Abstract
Unmanned Aerial Vehicles (UAVs) are being increasingly used in glaciology demonstrating their potential for the generation of high-resolution digital elevation models (DEMs) that can be further used for the evaluation of glacial processes in detail. Such investigations are especially important for the evaluation of surface changes of small valley glaciers, which are not well-represented in lower-resolution satellite-derived products. In this study, we performed two UAV surveys at the end of the ablation season in 2019 and 2021 on Waldemarbreen, a High-Arctic glacier in NW Svalbard. We derived the mean annual glacier surface velocity of 5.3 m. The estimated mean glacier surface elevation change from 2019 to 2021 was −1.46 m a−1 which corresponds to the geodetic mass balance (MB) of −1.33 m w.e. a−1. The glaciological MB for the same period was −1.61 m w.e. a−1. Our survey includes all Waldemarbreen and demonstrates the efficiency of high-resolution DEMs produced from UAV photogrammetry for the reconstruction of changes in glacier surface elevation and velocity. We suggest that glaciological and geodetic MB methods should be used complementary to each other.
Highlights
Estimation of elevation and mass changes, velocity, and extent of glaciers are the key properties for the understanding of their responses to climate change and future development
A maximum elevation change of −11 m was reached at a small spot near the southern glacier slope due to the retreat of a steep ice cliff, but overall maximum surface change values were between −7 and −8 m at isolated sites near the southwestern margin of the glacier
This study shows that the geodetic mass balance (MB) calculated from surface changes in high-resolution digital elevation models (DEMs), can be complementary to the glaciological MB and both methods should be used together, if possible
Summary
Estimation of elevation and mass changes, velocity, and extent of glaciers are the key properties for the understanding of their responses to climate change and future development.
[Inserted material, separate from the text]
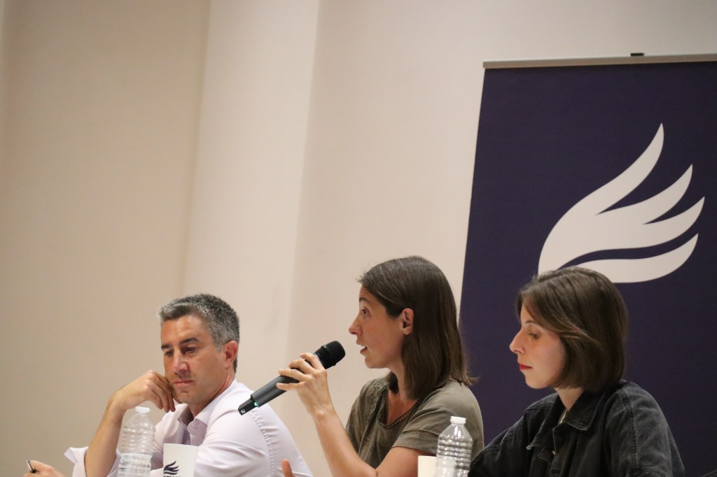 « Quand on martèle matin et soir que le travail a un coût, on organise les têtes baissées, la dégradation du rapport de force et la défaite idéologique », estime Sophie Binet, qui est également membre du comité exécutif de la CGT et chargée de l’égalité femmes-hommes. Quelques instants plus tard, elle poursuit : « La gauche a accepté le financement de la protection sociale par l’impôt à la place de la cotisation [NDLR : le gouvernement de Michel Rocard a créé la Contribution sociale généralisée (CSG) en 1990] et le plafonnement des allocations en fonction des ressources. » « Ainsi, on organise l’assistanat et la stigmatisation », considère la syndicaliste. Cette intervention, comme les autres et celles de son camarade, est applaudie.

Multitemporal studies give clues to the dynamics of seasonal and annual changes, their character, and their impact on glacier evolution, which is important for future models and predictions [1]. Svalbard, and the Kaffiøyra region in NW Spitsbergen where the glacier of this study is located [2,3,4,5,6,7,8] have been constantly retreating (except surging events), thinning at fronts, and showing more negative mass balance (MB) in the twenty-first century [9]. Monitoring glacier changes are crucial for the understanding of contemporary and future dynamics of the cryosphere and climate system. Thereby, small glaciers are especially sensitive and prone to melting and even disappearance in this century [10] but their changes are less well resolved, frequently due to the lower resolution and noise of satellite-derived products [6]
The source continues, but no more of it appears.